March 11, 2022
Thanks to Alissa Simon, HMU Tutor, for today’s post.
Last week marked the end of HMU’s Winter Film Series. I cannot express how much I love this series. If you were unable to join us, never fear, we will host another film series next winter. In the meantime, the following thoughts resulted from this wonderful discussion.
As usual, leader Gary Schoepfel opened discussion with some quotations focused on the idea of Truth. The quotes really helped focus the topic and therefore, I will begin in the same vein. This long quote by George Santayana asks what truth is and how humans are equipped to understand it. He writes:
“What is the function of philosophy? To disclose the absolute truth? But is it credible that the absolute truth should descend into the thoughts of a mortal creature, equipped with a few special senses and with a biased intellect, a man lost amidst millions of his fellows and a prey to the epidemic delusions of the race? Possession of the absolute truth is not merely by accident beyond the range of particular minds; it is incompatible with being alive, because it excludes any particular station, organ, interest, or date of survey: the absolute truth is undiscoverable just because it is not a perspective. Perspectives are essential to animal apprehension; an observer, himself a part of the world he observes, must have a particular station in it; he cannot be equally near to everything, nor internal to anything but himself; of the rest he can only take views, abstracted according to his sensibility and foreshortened according to his interests. Those animals which I was supposing endowed with an adequate philosophy surely do not possess the absolute truth. They read nature in their private idioms. Their imagination, like the human, is doubtless incapable of coping with all things at once, or even with the whole of anything natural. Mind was not created for the sake of discovering the absolute truth. The absolute truth has its intangible reality, and scorns to be known.”

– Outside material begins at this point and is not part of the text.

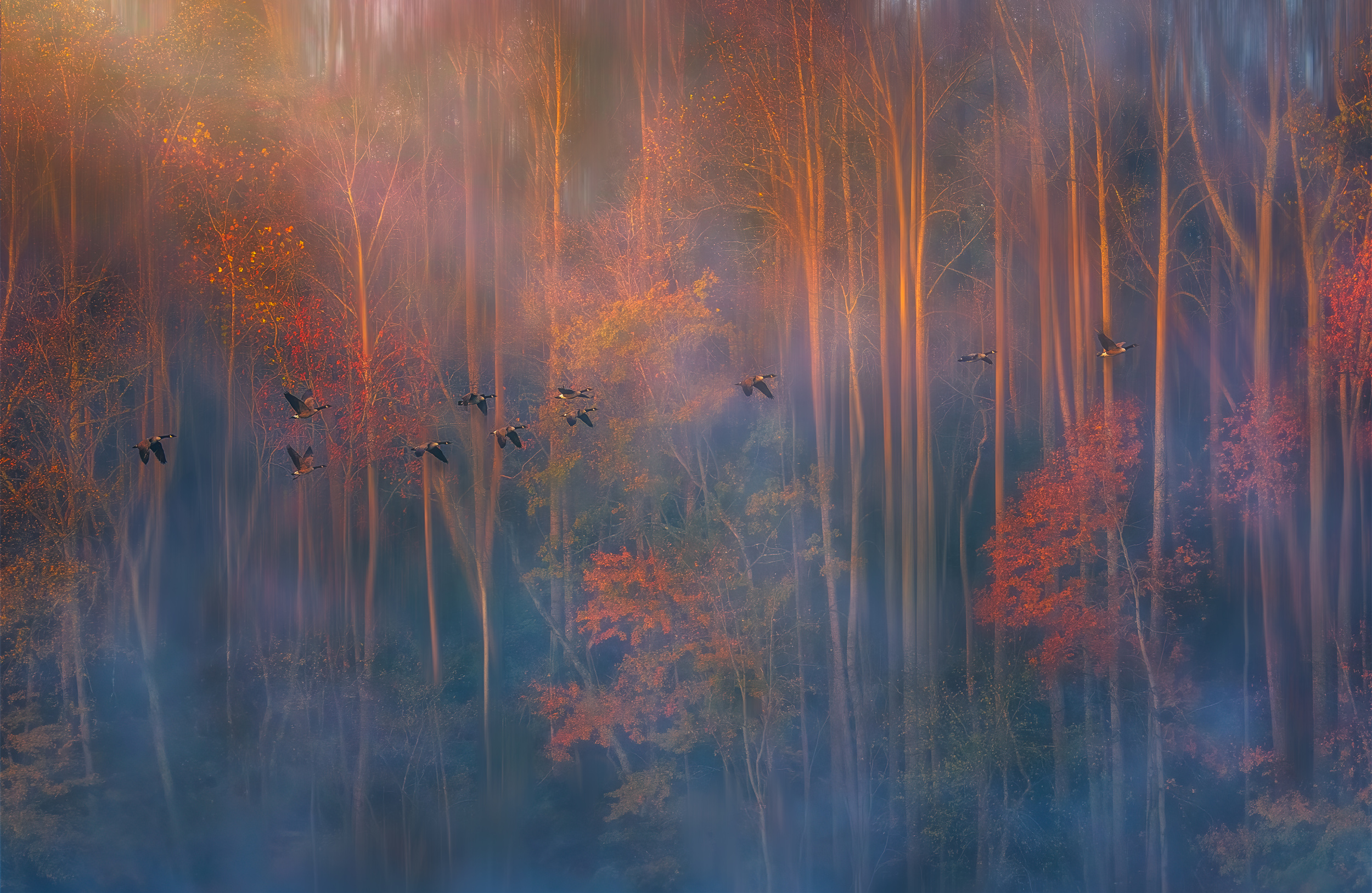 This is not a perfect photo but is my favourite one that taken two years ago at a local park near my home. It was a misty morning and I planned to practice my wildlife photography skill by taking the departure moment of Canadian geese on the lake. While I was waiting and focusing on the water surface, suddenly a flock of flying geese under the morning light caught my eyes. I very quickly changed the focus, and aimed to them in front of these beautiful autumn wood. During post processing, I enhanced the light and colour, adding my artistic treatment to it.
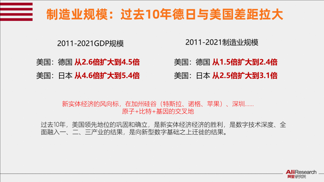 然而事實是,在過去的十年,德國、日本的GDP規模與美國的差距在拉大:從20112021年,美國GDP從相當于德國的2.6倍擴大到了4.5倍,相當于日本的4.6倍擴大到了5.4倍;更值的關注的是,就制造業而言,德國、日本的制造業規模與美國的差距仍在拉大:20112021年,美國制造業規模相當于德國的1.5倍擴大到2.4倍,相當于日本的2.5倍擴大到3.1倍。制造業領域美國正在涌現出一批具有全球競爭力的數字原生企業,美國制造業仍然以比日本和德國更快的速度發展。

Assuming that Santayana is correct, that the mind is incapable (or at least not made) to discover absolute truths, how are we to understand truth? In Rosencrantz and Guildenstern Are Dead, Tom Stoppard demonstrates this limitation through Rosencrantz and Guildenstern as they explore their environment. Because they were first created (or born) by Shakespeare in Hamlet, they continue to exist within the frame of the play. They were born onstage and remain eternally framed by the stage. Rosencrantz and Guildenstern know nothing of their past or their future, and struggle to understand their present. This is, I feel, not unlike any of us today. We remember aspects of the past, we formulate theories based on our understanding of events, we have present lives in which we see much of the world, but a whole lot goes by unnoticed too. As Rosencrantz and Guildenstern bumble along, they even confuse their identities. The audience never actually knows who is who, which leads to a number of enjoyable Abbott and Costello-like moments.
At one point in the play, they meet Tragedians. Excited for an audience, the main Player halts his crew who prepare for a performance. Slightly bewildered, Rosencrantz and Guildenstern are still trying to figure out where they come from and where they are going. The conversation reflects the fact that everyone in the scene is, in some way, acting (even if they do not know or understand it). A little bit later, the Player explains, “We’re actors! We’re the opposite of people!” I am not entirely sure how to interpret this comment, other than to say that acting is not the same as being. The entire play questions being including who the audience is – is it us? Is it Rosencrantz and Guildenstern? In what way are the players alive? Where do they live? Where are they from? Where are they going? They explain their transience by saying: “We have no control. Tonight we play to the court. Or the night after. Or to the tavern. Or not.” Strictly speaking, they live among words in a text.
Furthermore, the players might also live in the minds of the audience. If this is true, then how does the audience reliably reconstruct events? Stoppard forces the audience to confront this question through constant confusion. No one knows which character is which, and as a result, the audience can never completely reconstruct an honest account. Even when we reflect upon the question of identity, it is difficult to decipher whether there are, in fact, two separate characters. They do develop slightly different personalities, but they have a combined purpose. This poses the question: what is a character? Which further poses the question: what is a person? If these characters exist as placeholders for an idea (as was suggested during our discussion), they must represent some sort of liminal world. Their existence is fleeting and contained. Is ours also?
In other words, this play questions the nature of human existence. It was also suggested that Rosencrantz and Guildenstern are only relevant to themselves. Scripts and words rules their lives. Every time they are on the verge of understanding their physical world, the next scene rushes in.
In chasing the answers to these questions, I am reminded of a couple of quotes by Emerson:
“Truth is such a fly-away, such a sly-boots, so untransportable and unbarrelable a commodity, that it is as bad to catch as light.”
and
“God offers to every mind its choice between truth and repose. Take which you please – you can never have both.”
Emerson indicates that humans must reflect and work to understand the world. Stoppard might agree. Analyzing Stoppard’s play, though beguiling, is a very worthwhile task. Thanks to the Winter Film Series participants for this journey into truth!